April 11, 2017
There is speculation that Australian property values will drop later in 2017, especially if interest rates rise. But, many industry experts and economists are now saying that changes in rates won’t do anything to slow the market. Why? Well, economic shifts and demand will stabilise property for some time to come.
Historically speaking, the housing market experienced high demand in 2016, with an influx in new housing stock. Then, further rate cuts in May and August added momentum to the market. When banks introduced independent rate rises and owner-occupier and investor rates later in the year, buyer enthusiasm should have fallen. However, these didn’t have much of an impact. Instead, consumer sentiment stayed high.
From an economic sense, higher interest rates won’t take the heat out of the market. Firstly, the Australian economy is making up ground. Labour market prospects are improving ABS data signifies that the national unemployment rate has fallen. Plus, over the last 12-months, more than 4,300 jobs emerged. Some three-quarters of these were full-time positions. According to data, this is more than double the national growth rate.
Although domestically speaking, consumption is slower than expected, but still consistent with weak growth in household income. Overall, Australian GDP growth has slowed to the economy’s potential, which is relative to the labour market and employment growth. In addition, the move from the mining boom has been slow, but the nation is now picking up speed. Low-interest rates and the drop in the value of the Australian dollar over the last 12-months also supported growth.
Generally, these conditions have strengthened the national market, although there is a significant variation in Sydney and Melbourne markets. Nevertheless, home prices in these capitals continue to rise, while Perth has fallen. Despite this, signs of improvement in Perth are noticeable with population growth remaining steady.
The Australian population now sits and 24.13 million, according to ABS data, and is slightly lower than forecast. Nevertheless, earlier quarters have recorded strong levels of growth. National population growth rose by 1.42 percent or 337,821 persons over the year ending June 2016.
On a state-by-state basis, Victoria leads the growth stakes, with a 2.07 percent increase recorded between June 2015 to 2016. New South Wales follows this state, registering a 1.39 percent increase. The Australian Capital Territory is next with a 1.28 percent growth. Following is Queensland with a 1.35 percent increase for the year, and then Western Australia with 1.05 percent. All other Australian states and territories recorded levels of growth under 1 percent.

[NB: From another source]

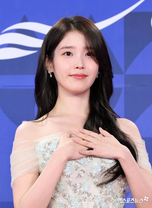 가수 겸 배우 아이유(IU/이지은)이 레드카펫 행사에 참석해 포토타임을 갖고 있다.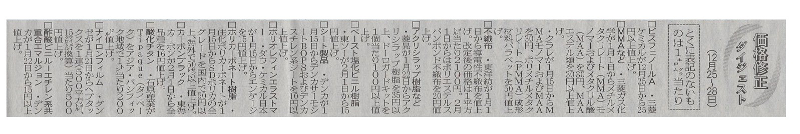 価格修正ダイジェスト

As a result, by 2056, Victoria will have a larger population than New South Wales. This year’s data is the state’s highest level of population growth since 1964. Primary drivers of population growth in Victoria were interstate and overseas migration. Subsequently, the government’s hiring freeze added to interstate migration. Also, low interest and rising rental prices are encouraging migrators to buy a home, rather than lease a property.
Consequently, dwelling numbers nationally are increasing. Thus, new build numbers have increased for the fifth year, with 240,000 new homes constructed.
Over the last year, national real estate sales grew by 3.4 percent to $36.22 million. This figure is higher than the Pre-election Budget Update Forecast, and above the 10-year forecast. Therefore, economists and property market experts are suggesting that the Australian real estate market has 5-speeds.
Hence, Sydney and Melbourne are in 5th gear, recording more than 10 percent growth and the highest demand for property. Canberra and Hobart sit in 4th gear with consistent growth. Next, Adelaide and Brisbane sit in 3rd, with growth of 4.2 percent and 3.6 percent respectively. Perth and Darwin take out 2nd with patchy activity. Lastly, in 1st gear, with 2.8 percent growth, is regional Australia.